Las palabras que usamos para describirnos a nosotros mismos y nuestras circunstancias pueden ser la diferencia entre sentirse esperanzado o indefenso.

Decirnos “soy un perdedor” o “la vida es injusta” casi garantiza que seremos amargados y resentidos y atrapados en un círculo vicioso de autodestrucción. Por otro lado, “lo estoy pasando mal ahora, pero lo superaré” es poderoso y resistente.

Los hombres gay saben mucho sobre el poder de las palabras para fortalecernos o socavarnos. Mientras que muchos hombres gays jóvenes se han aprovechado de la palabra “queer” para describirse a sí mismos, invirtiendo el insulto y dándole un significado positivo, es instructivo recordar cómo se comenzó a usar la palabra “gay”.

A principios del siglo XX, palabras como “normal” y “hada” se aplicaron a los hombres de acuerdo con su clasificación en una escala de masculinidad tradicional, en lugar de su orientación sexual per se. “Homosexual” era un término clínico y, como ha sido frecuentemente el caso, los hombres homosexuales se vieron reducidos a su sexualidad, como si los definiera por completo.

A partir de la década de 1930, los homosexuales blancos en Nueva York comenzaron a usar la palabra “gay” para describirse a sí mismos como una forma de comunicarse discretamente entre sí. Los hombres homosexuales negros de la época usaban frases como “en la vida” y “la vida deportiva” para hablar sobre su “diferente” orientación sexual.

Después de los disturbios de Stonewall de 1969 en Nueva York, el “poder gay” se gritó en las calles y graffitied en las paredes de los barrios gay.
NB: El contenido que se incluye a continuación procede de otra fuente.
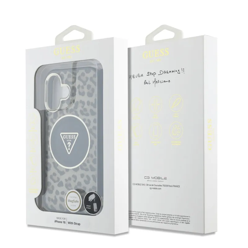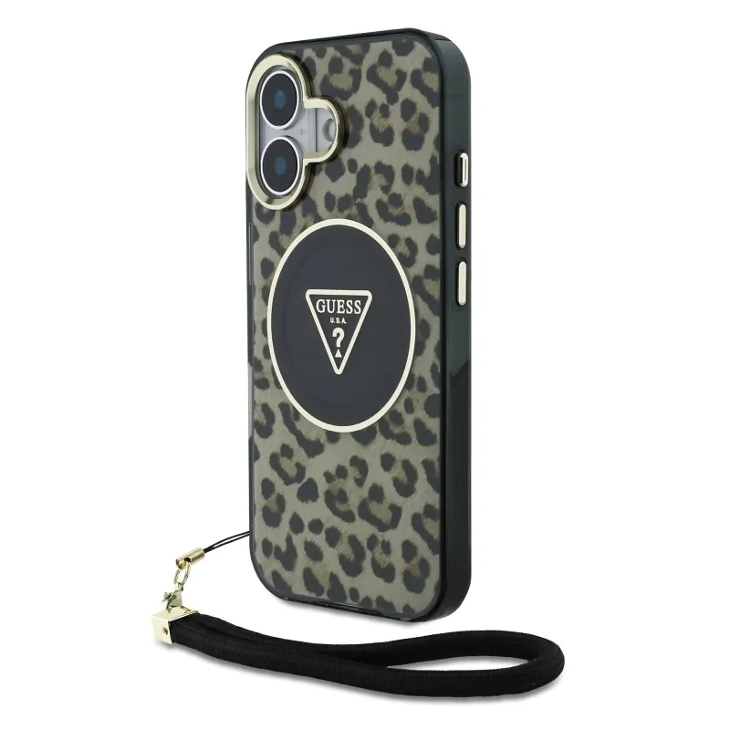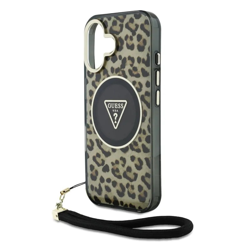 Guess IML Leopard Leopárd háromszög logó szíj MagSafe hátlap iPhone 16 barna

El veterano activista gay Frank Kameny acuñó la frase “Gay es bueno” como una forma de darle la vuelta a los insultos y humillaciones habituales.

La comprensión de los homosexuales del poder de las palabras y el lenguaje fue fundamental en sus primeras respuestas a la crisis del VIH / SIDA después de que se informaran los primeros casos en 1981. Reunidos en Denver en 1983, los homosexuales de Nueva York y San Francisco adoptaron los Principios de Denver, un tipo de constitución sobre cómo cuidar e involucrar a las personas afectadas por la enfermedad en la toma de decisiones sobre su cuidado.
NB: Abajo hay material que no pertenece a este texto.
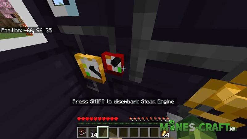 A unique drilling rig turns a locomotive into a tunnel boring module. It automatically lays rails, lights the way and replaces missing blocks. The drill has three states: new, worn and damaged. Lighting and extra blocks don’t need crafting; they just appear automatically.

Estos valientes hombres rechazaron el estigma que la sociedad insistía en adherirse a la aterradora y misteriosa nueva enfermedad, principalmente porque era mortal, involucraba el sexo y el consumo de drogas, y afectaba en gran medida a los hombres homosexuales. Insistieron en ser llamados “personas con SIDA” en lugar de “víctimas del SIDA” porque, como hombres homosexuales, entendieron que las etiquetas son importantes.

Hoy, cuando el VIH es altamente manejable con medicamentos, el lenguaje ha cambiado, por lo que nos referimos a “personas que viven con VIH” o “PVH” en lugar de personas con SIDA.
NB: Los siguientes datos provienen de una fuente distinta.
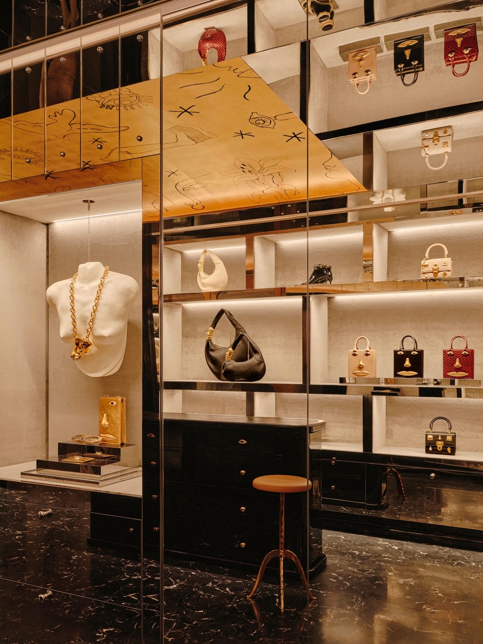 Одна из ниш имеет скульптурную форму ванны, адаптированную под витрину для украшений. Ее размещение превращает знакомый бытовой объект в знаковый элемент интерьера, усиливая салонную атмосферу бутика. Графические работы креативного директора дома Дэниела Розберри, нанесенные прямо на потолок, служат тонким ориентиром, пронизывающим все залы. Сдержанное освещение мягко выявляет текстуры, позволяя материальности интерьера раскрываться не сразу, а по мере движения гостя.

De nuevo, las palabras importan. “Vivir con VIH” refleja la nueva realidad médica de las personas que tienen el virus. Es positivo y fortalecedor, y ayuda a contrarrestar el estigma que desafortunadamente está ligado en la mente de muchas personas a este microbio en particular.

Para 2018, tome una lección de los hombres homosexuales en general y las personas que viven con el VIH en particular: Elija bien sus palabras, especialmente las palabras que usa para describirse a usted mismo o sus circunstancias.

Las palabras dan forma a la historia que te cuenta de ti mismo. ¿Serás el héroe de tu historia? O la victima ?

Tú decides.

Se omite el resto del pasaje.